After the resounding success of the Sharjah International Book Fair in the UAE, extolling a message of cultural tolerance and publishing freedom, the Arab literary arena was this week plunged into controversy once more as the Kuwait International Literary Festival kicked off.
Running November 14 through 24 the Kuwait event was already standing in the shadow of on-going censorship crisis, with almost 4,000 books banned in the country in the past few years.
Any hope that the tide had turned and the Kuwait book fair might prove a beacon of hope were extinguished yesterday as almost 1,000 books were banned as the fair launched.
Festival chief Saad al-Anzi confirmed the Kuwaiti information ministry had banned 948 books, including Dostoyevsky’s The Brothers Karamazov, Victor Hugo’s The Hunchback of Notre-Dame and Gabriel Garcia Marquez’s One Hundred Years of Solitude.
As reported here at TNPS in September, other banned books include The Little Mermaid, but also many Arab novels which are widely available in other Arab states.
All titles on show at the Kuwait festival are screened by a censorship committee, but the grounds for banning a given book seem to be largely down to individual preferences of the committee members, based likely on a misunderstanding of the book’s content.

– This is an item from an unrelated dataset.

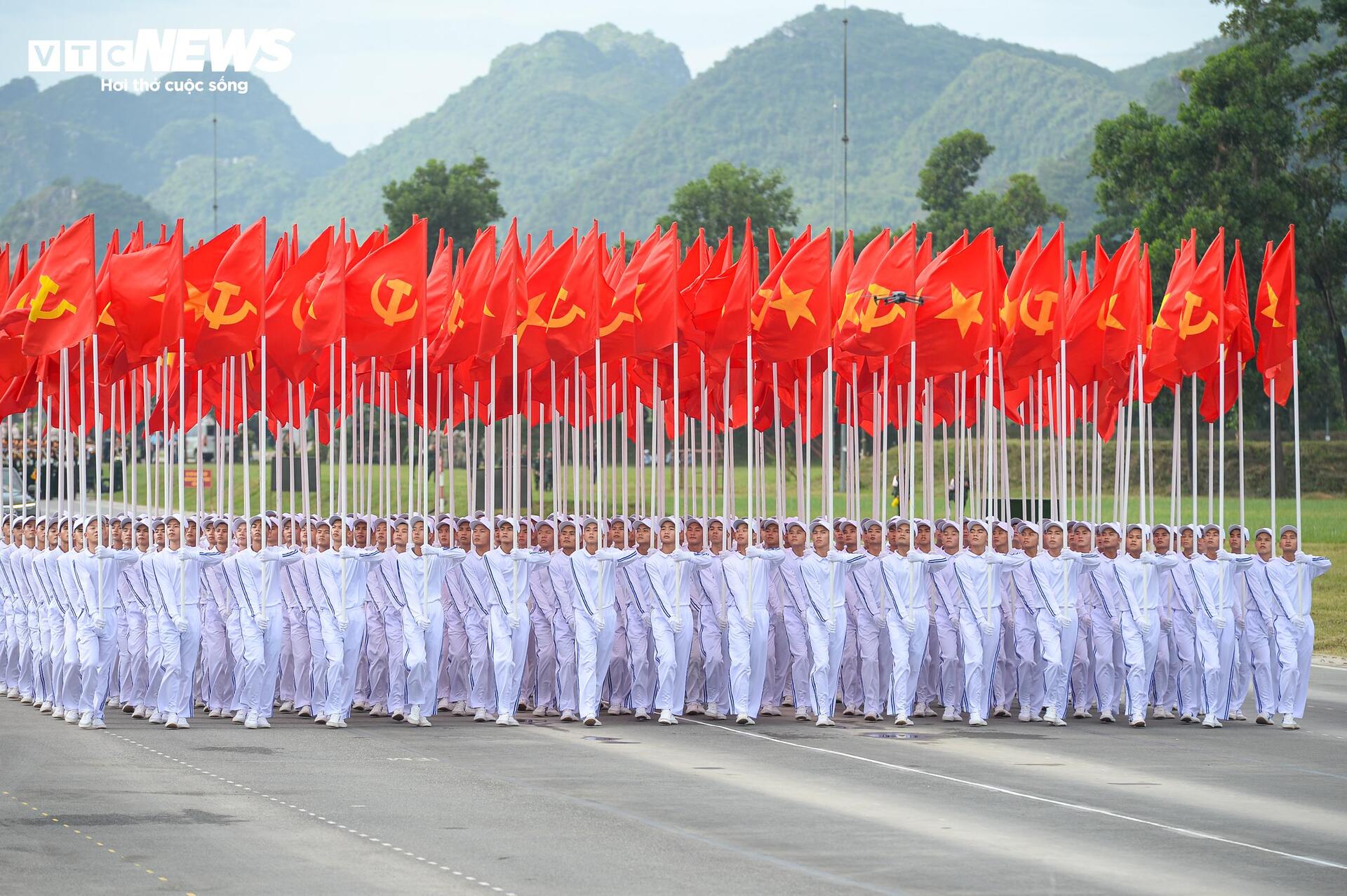 | Buổi kiểm tra tổng hợp luyện gồm hai phần: Thực hiện các nội dung nghi lễ, nghi thức của Đảng, Nhà nước và thực hiện diễu binh, diễu hành. (Trong ảnh là Khối cờ Đảng, cờ Tổ quốc) |
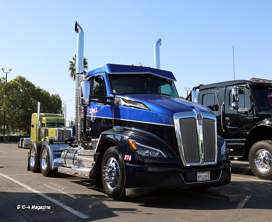 With about 40 bobtail trucks out in the parking lot, there were a few that stood out.  Some of these included Mark Tarascou’s two trucks (a dark green 2-axle Peterbilt 389 and a maroon International Lonestar dump truck), NRT’s two super clean black beauties (a Freightliner and a Kenworth), two blue and black KWs owned by TMT, and two W900L Kenworths owned by CG Soza of Soza Trucking.  CGs KWs truly cleaned house, taking home several awards each, including Best of Show for his green and black truck.

France24 summed up the current scene in Kuwait thus:
Through the 1970s and 1980s, Kuwait was a regional publishing hub, home to the high-brow, pan-Arab cultural journal Al-Arabi and a string of popular scientific and literary books.
But in recent years, religious conservatives and tribal leaders have gained ground in parliament, paralleled by changing societal trends. Kuwait is the only Gulf state with elected lawmakers.